Elle est née d'un buisson ardent. Il y a 21 ans - en avance sur son temps - Sena Alouka co- fonde Jeunes volontaires pour l'environnement, au Togo. Depuis, l'ONG a fait des émules dans une trentaine de pays d'Afrique et revendique être la plus grande association de jeunesse pour l'environnement en Afrique avec près de 50.000 adhérents.
Comment sont nés les Jeunes volontaires pour l’environnement et quel est votre parcours personnel?
C’est parti d’un événement fortuit : un petit feu de brousse à Kpélé Tsiko, à 200 km au nord de Lomé. On est en juin 1999, j’étais à l’université. C’est le début des vacances et comme à notre accoutumée, on était dehors à se raconter des histoires entre amis, autour du feu, juste en bas de la maison du chef. Ce soir-là, nous avons vu un feu se déclencher dans la forêt. Des cris de détresse ont retenti un peu partout dans le village. La population, mes parents, avaient l’habitude de stocker l’igname dans la forêt et ils étaient en train de partir en fumée. Le village s’est déplacé comme un seul homme vers la forêt pour essayer un tant soit peu d’éteindre les flammes, les hommes avec les palmes, les femmes transportant de l’eau, allaient et revenaient entre la rivière et la forêt. De façon brave, le village a éteint le feu qui hélas avait consumé la plupart des greniers. Comme jeunes, on s’est délecté des ignames calcinées. Mais quand même, de la discussion a rejailli le fait que ces feux devenaient récurrents et que la ceinture verte autour du village était grandement menacée. Cela a réveillé en nous une énergie de vouloir mettre en place un système plus juste, plus viable.
Ma mère dit que c’est de la marmite la plus noire que sort la bouillie la plus blanche. Voilà comment nous avons transformé un problème en opportunité. L’idée était de s’assurer que les jeunes du village puissent avoir la formation, comprendre quelles sont les techniques qu’on peut tirer des connaissances locales pour mieux gérer nos écosystèmes.
JVE est né le 23 novembre 2001. Et depuis, nous sommes reconnus, on a essayé de toucher les cœurs des jeunes dans près 30 pays en Afrique. On parle de 50 000 membres. C’est un mouvement de jeunes qui aujourd’hui impactent la société et devient une force de proposition.
On peut aussi y recevoir une formation complémentaire au cursus universitaire. Des centaines de gens sont passés chez nous et sont arrivés à créer des entreprises soit dans le domaine de l’entreprenariat vert, soit dans le domaine de l’associatif aussi. Beaucoup sont devenus consultants, au Fonds Vert pour le climat, au Fonds d’adaptation, dans des banques ou recrutés par l’État.

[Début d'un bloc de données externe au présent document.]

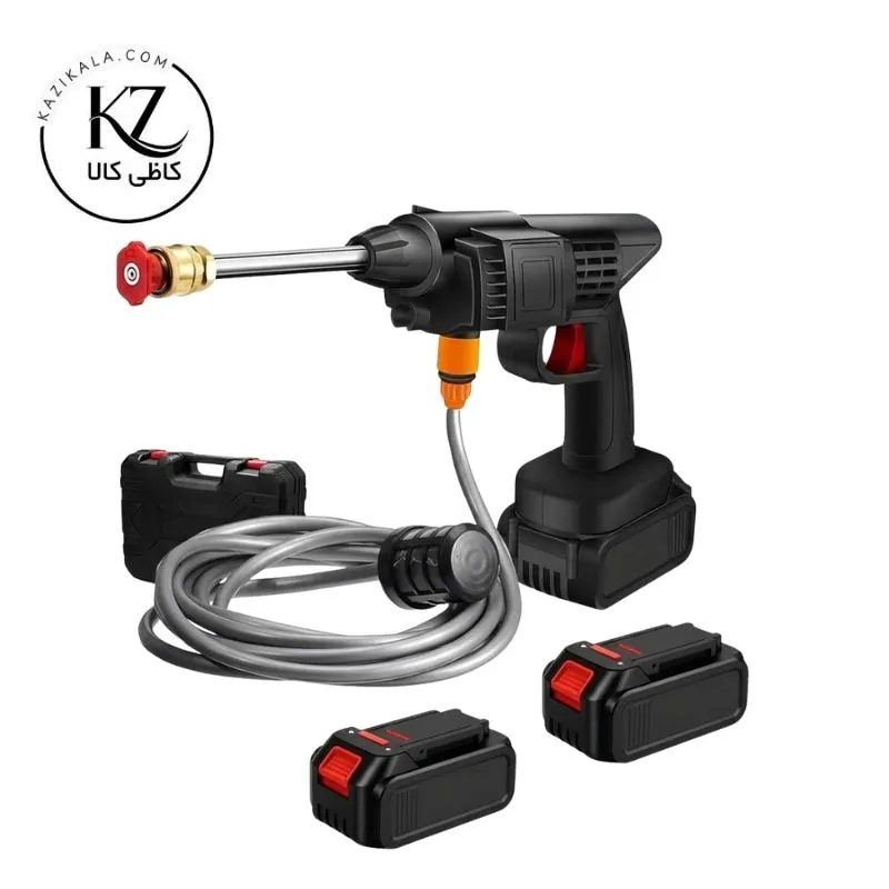 | اقلام همراه | دستگاه اصلی، 2 عدد باتری، شارژر هوشمند، شلنگ 5 متری با فیلتر، مخزن کفپاش، 2 عدد نازل، میله افزایش طول، کیف حمل |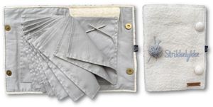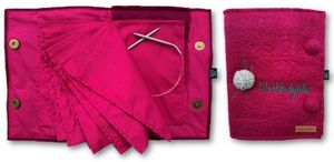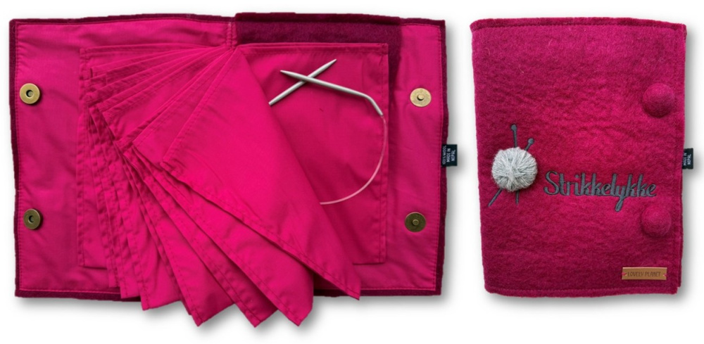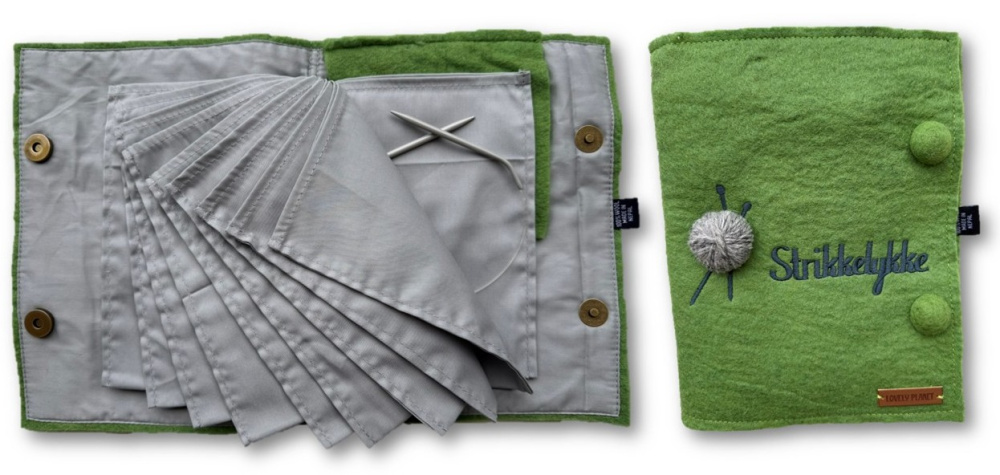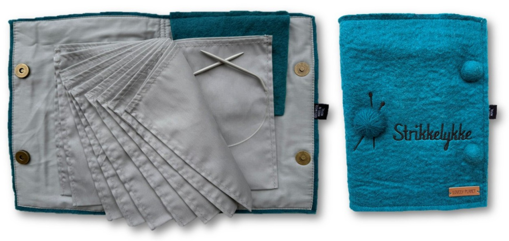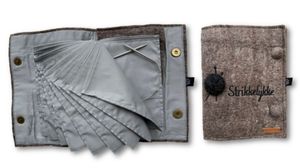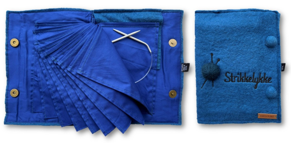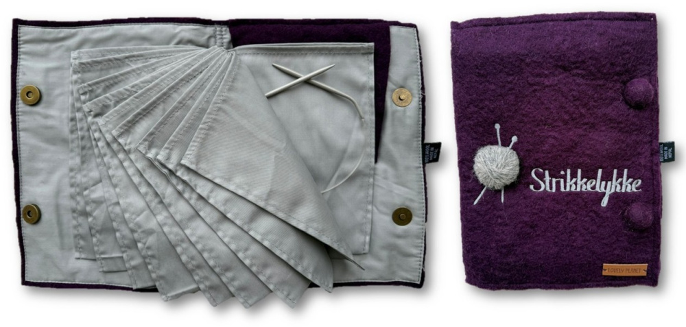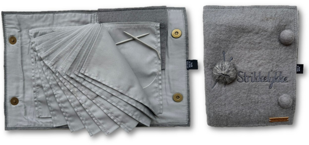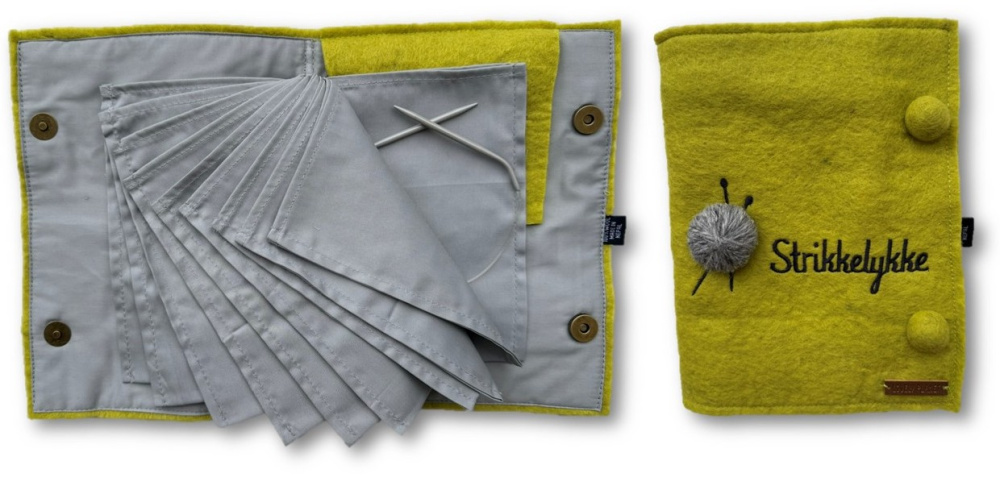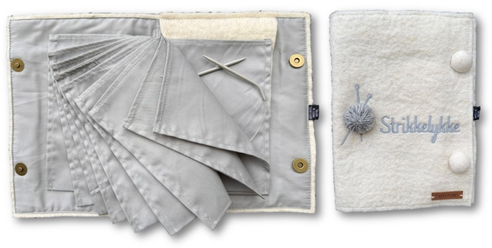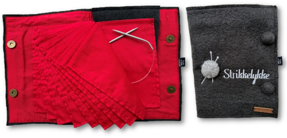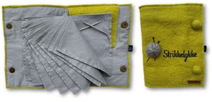 Et praktisk album for oppbevaring av rundpinner som er laget av tovet ullfilt og bomull. Utvendig er det påbrodert teksten "Strikkelykke" og appliker et lite garnnøste.

Parlez-nous de votre parcours…
Je suis littéraire et journaliste de formation. J’ai ensuite été formé à l’université de Rennes (Bretagne) sur le développement durable, à l’UICN pour le développement organisationnel et à Greenpeace pour tout ce qui a trait à la restauration des écosystèmes. J’ai animé comme journaliste des émissions sur l’environnement qui déjà parlaient de l’importance de garder nos savoirs, nos connaissances traditionnelles, parce que le monde qui vient est un monde incertain.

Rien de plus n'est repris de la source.